Problem> Return exactly those lines of the material below that fall between the line holding "I do relaxed" and the line holding "Not: Bu reçeldeki", inclusive.

***** Input

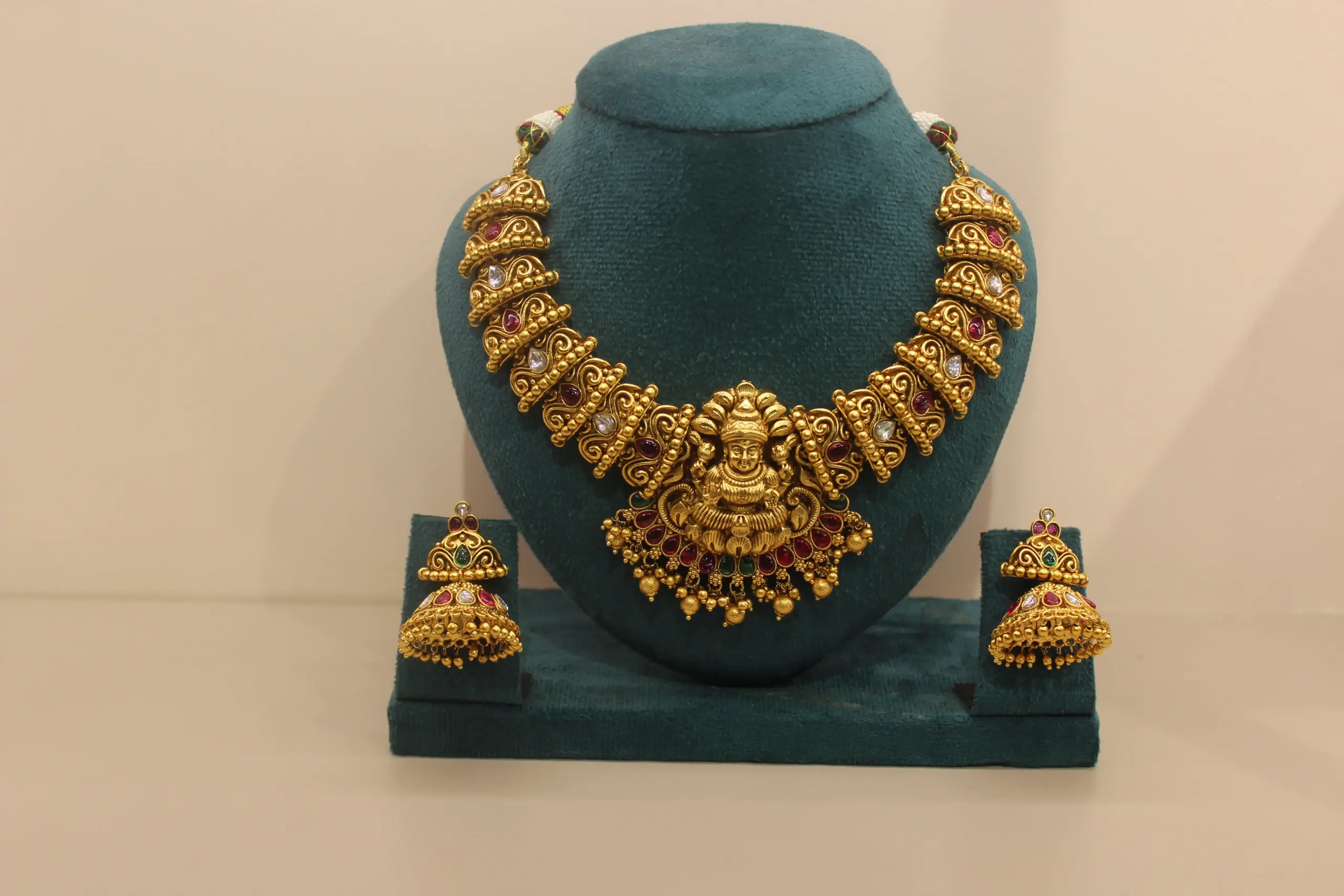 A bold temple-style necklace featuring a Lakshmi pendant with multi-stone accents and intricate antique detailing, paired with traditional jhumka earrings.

**********
***** Input

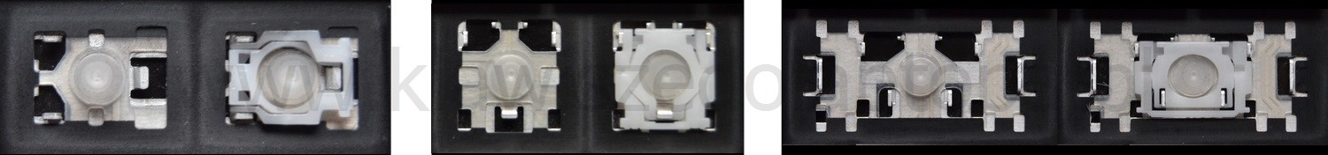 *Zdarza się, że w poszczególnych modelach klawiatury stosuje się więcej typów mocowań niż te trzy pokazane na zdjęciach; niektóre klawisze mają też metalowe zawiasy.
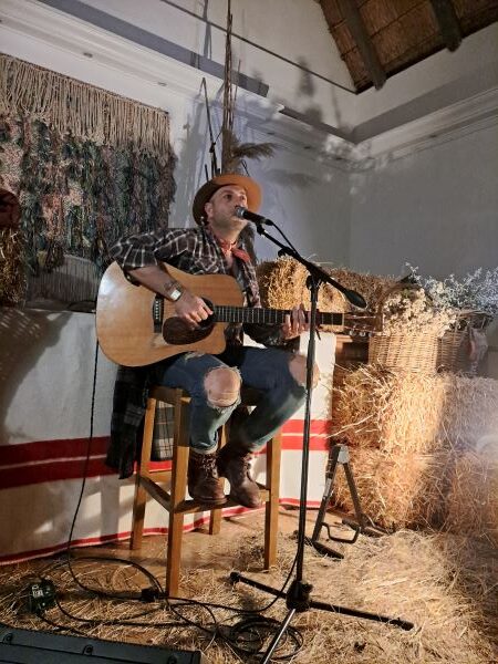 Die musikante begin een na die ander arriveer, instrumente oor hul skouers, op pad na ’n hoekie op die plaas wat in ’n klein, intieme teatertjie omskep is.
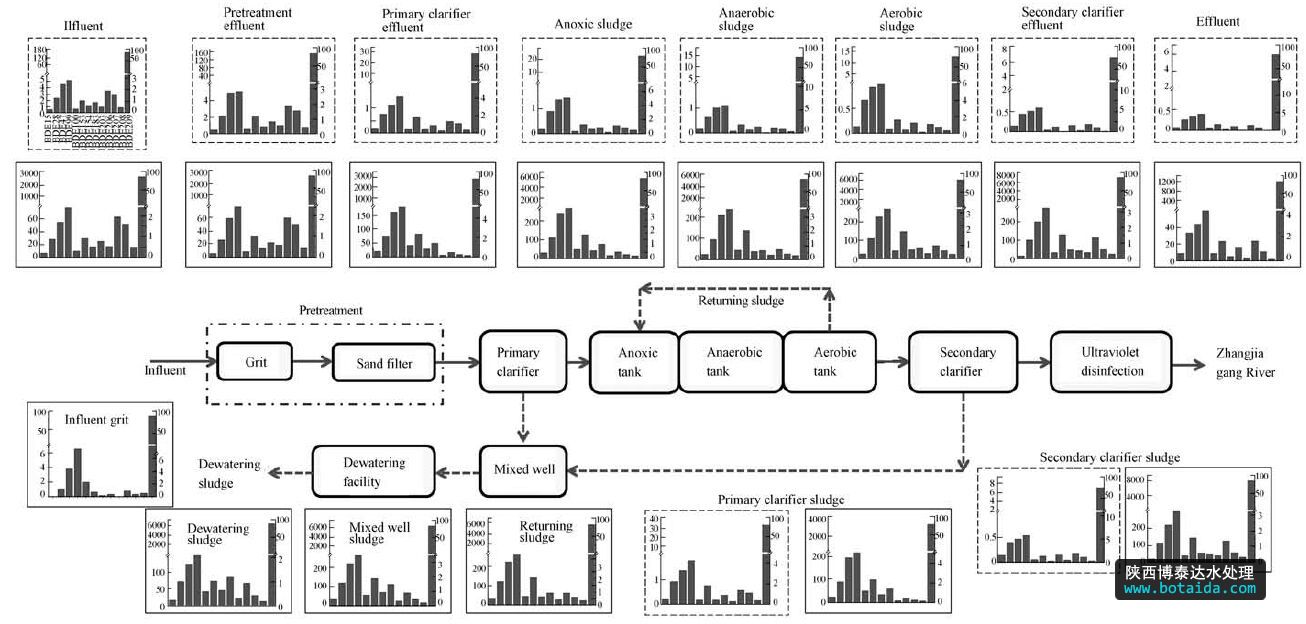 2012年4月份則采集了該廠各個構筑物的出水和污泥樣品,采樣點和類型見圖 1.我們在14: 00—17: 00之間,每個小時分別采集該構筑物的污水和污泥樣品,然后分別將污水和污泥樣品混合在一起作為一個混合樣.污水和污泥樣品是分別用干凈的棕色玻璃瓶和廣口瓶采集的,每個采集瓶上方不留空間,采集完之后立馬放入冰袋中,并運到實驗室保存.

**********
***** Input

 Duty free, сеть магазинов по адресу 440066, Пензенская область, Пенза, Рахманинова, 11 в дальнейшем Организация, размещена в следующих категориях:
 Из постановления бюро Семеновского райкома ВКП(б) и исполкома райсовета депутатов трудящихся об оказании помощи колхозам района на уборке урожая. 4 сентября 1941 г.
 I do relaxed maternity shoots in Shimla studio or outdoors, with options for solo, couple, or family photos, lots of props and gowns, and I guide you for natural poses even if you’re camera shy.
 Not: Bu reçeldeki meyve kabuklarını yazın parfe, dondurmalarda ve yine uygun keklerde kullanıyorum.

**********

Expected answer>
 I do relaxed maternity shoots in Shimla studio or outdoors, with options for solo, couple, or family photos, lots of props and gowns, and I guide you for natural poses even if you’re camera shy.
 Not: Bu reçeldeki meyve kabuklarını yazın parfe, dondurmalarda ve yine uygun keklerde kullanıyorum.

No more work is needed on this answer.